Stelle mal deinen Ansatz vor.
Ohne eigene Vorarbeit wird dir keiner helfen.
Wenn es einer macht, wird es sofort negativ registriert ...


----------



## Unimog-HeizeR (10 Februar 2022)

lospos schrieb:


> Hallo
> 
> Kann mir jemand helfen für mein Siemens TIA Portal v15.4 brauche ich eine Steuerung welche auf diesen  nachfolgenden Text basiert.


Da reicht eine CPU 1212 dafür.

Gruss Timo


----------



## DeltaMikeAir (10 Februar 2022)

lospos schrieb:


> Siemens TIA Portal v15.4


Was ist TIA V15.4??

Du machst es dir aber auch einfach. Hier anmelden, komplette Aufgabe einfügen und fertig.



lospos schrieb:


> Brauche ich eine Steuerung welche auf diesen nachfolgenden Text basiert.


Es gibt keine Steuerung die auf deinem nachfolgenden Text basiert. Es gibt höchsten Steuerungen die für deine Aufgabe geeignet sind.


----------



## DeltaMikeAir (10 Februar 2022)

Von hier stammt die Aufgabe übrigens:
https://www.kahlert.com/web/steuerungaufzug2.php


----------



## DeltaMikeAir (10 Februar 2022)

lospos schrieb:


> Hallo
> 
> Kann mir jemand helfen für mein Siemens TIA Portal v15.4 brauche ich eine Steuerung welche auf diesen  nachfolgenden Text basiert.
> 
> ...






Ist ihm wohl doch unangenehm


----------



## hucki (10 Februar 2022)

@DeltaMikeAir:









PS:
...noch bevor sie Bauern verkuppelt 😱


----------



## GUNSAMS (10 Februar 2022)

DeltaMikeAir schrieb:


> [snip]
> 
> Du machst es dir aber auch einfach.
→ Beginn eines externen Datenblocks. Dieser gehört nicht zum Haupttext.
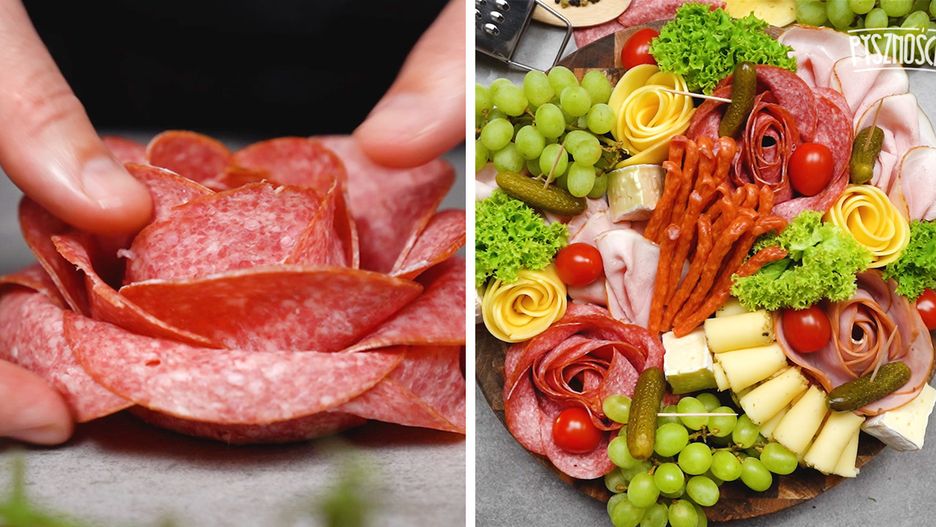 Z salami stwórz róże- ułóż je na szklance lub kieliszku, zaginając w połowie plasterki na brzegu naczynia. Następnie odwróć szklankę i róża gotowa.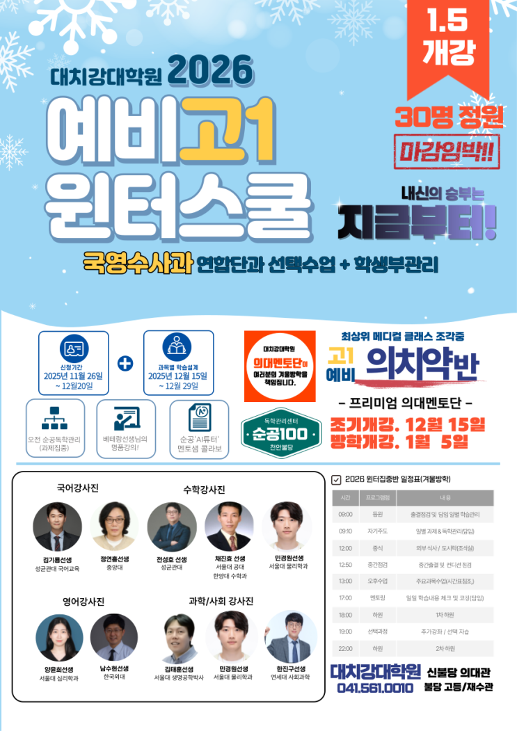 안녕하세요. 천안 불당동 입시의 중심, 대치강대학원 입니다. 얼마전 어느 멋진날 찬 바람과 함께 첫눈을 맞이 했는데요. 12월 입시 계절 입니다. 학원 밥만 30년을 먹으며 수많은 학생을 지켜본 결과, 변하지 않는 진리 하나가 있습니다. "고등학교 3년의 성적표는 , 중3 겨울방학에 쓰여진다." 고등 입학 전, 이 '골든타임'에 무엇을, 어떻게 보내느냐가 의대, 명문대의 당락을 가릅니다. 학부모님들의 그 간절한 마음을 알기에, 올 해 대치강대학원은 더욱 강력해진 라인업과 시스템으로 2026 윈터스쿨을 준비했습니다. 1. "내신의 승부는 지금부터" 2026 예비고1 윈터스쿨 많은 학부모님이 윈터스쿨을 고민하....... <img src="https://blogthumb.pstatic.net/MjAyNTEyMTBfMjY4/MDAxNzY1MzYyODc4OTE5.BjyJkQdU9SRlxal4P8ui3rUcXt3N2oje7CLVONXZ7bcg.Y1lPowg6KkXy_0Wv1ihRiJSys1fT7FjuZRf-vZRfd2sg.PNG/2026%B4%EB%C4%A1%B0%AD%B4%EB_%C0%A9%C5%CD-001.png?type=s3" />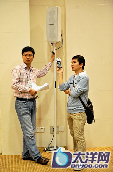 两名电台的记者为了能录到代表们最清晰的发言声,连续一个多小时保持了这种有趣的录音姿势。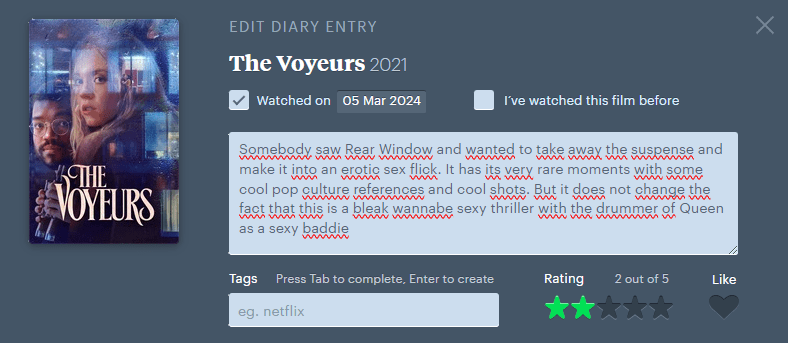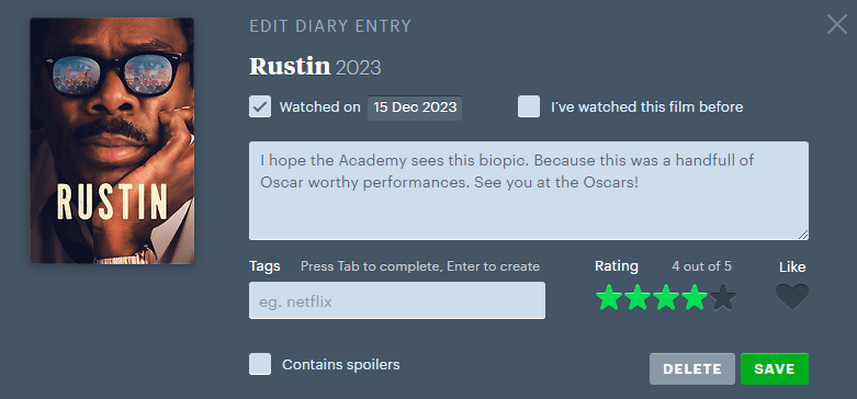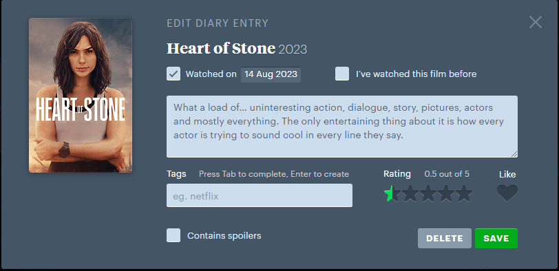 Entusiasmen var så definitivt å spore den dagen jeg fikk tips om filmappen Letterboxd. Endelig fikk man det beste fra både IMDB og Rotten Tomatoes i en og samme app. Og enda litt mer.

Hier anmelden, komplette Aufgabe einfügen und fertig.
> 
> [snip]


Aber wundert dich doch wohl nicht wirklich, oder ...


----------



## DeltaMikeAir (10 Februar 2022)

GUNSAMS schrieb:


> Aber wundert dich doch wohl nicht wirklich, oder ...


Doch, sehr.


----------



## Heinileini (10 Februar 2022)

lospos schrieb:


> In den Stockwerken 2 und 3 befinden sich außerhalb des Fahrstuhls jeweils zwei Anforderungstaster für Auf- und Abwärtsfahrt mit entsprechenden Kontrollleuchten, die die aktuelle Fahrtrichtung des Aufzugs anzeigen. Im ersten Stock befindet sich lediglich ein Anforderungstaster für Aufwährtsfahrt, im vierten Stock entsprechend lediglich ein Taster für Abwärtsfahrt.


Im 1. und 4. Stock mit ohne Anzeige der aktuellen FahrtRichtung?
Vermutlich darf man die "aktuelle" FahrtRichtung nicht allzu wörtlich nehmen und es ist der RichtungsWunsch gemeint, der mit dem entsprechenden Taster kundgegeben wurde?



lospos schrieb:


> Die Vertikalbewegung des Fahrstuhls wird über einen Motor mit zwei Schützen für Auf- bzw. Abwärtsbewegung (MU bzw. MD) gesteuert. Jedes Stockwerk besitzt eine separate Tür, die jeweils über einen eigenen Antriebsmotor geöffnet bzw. geschlossen werden kann. Die Endposition der Tür (vollständig geschlossen bzw. vollständig geöffnet) wird jeweils über zwei Endschalter angezeigt.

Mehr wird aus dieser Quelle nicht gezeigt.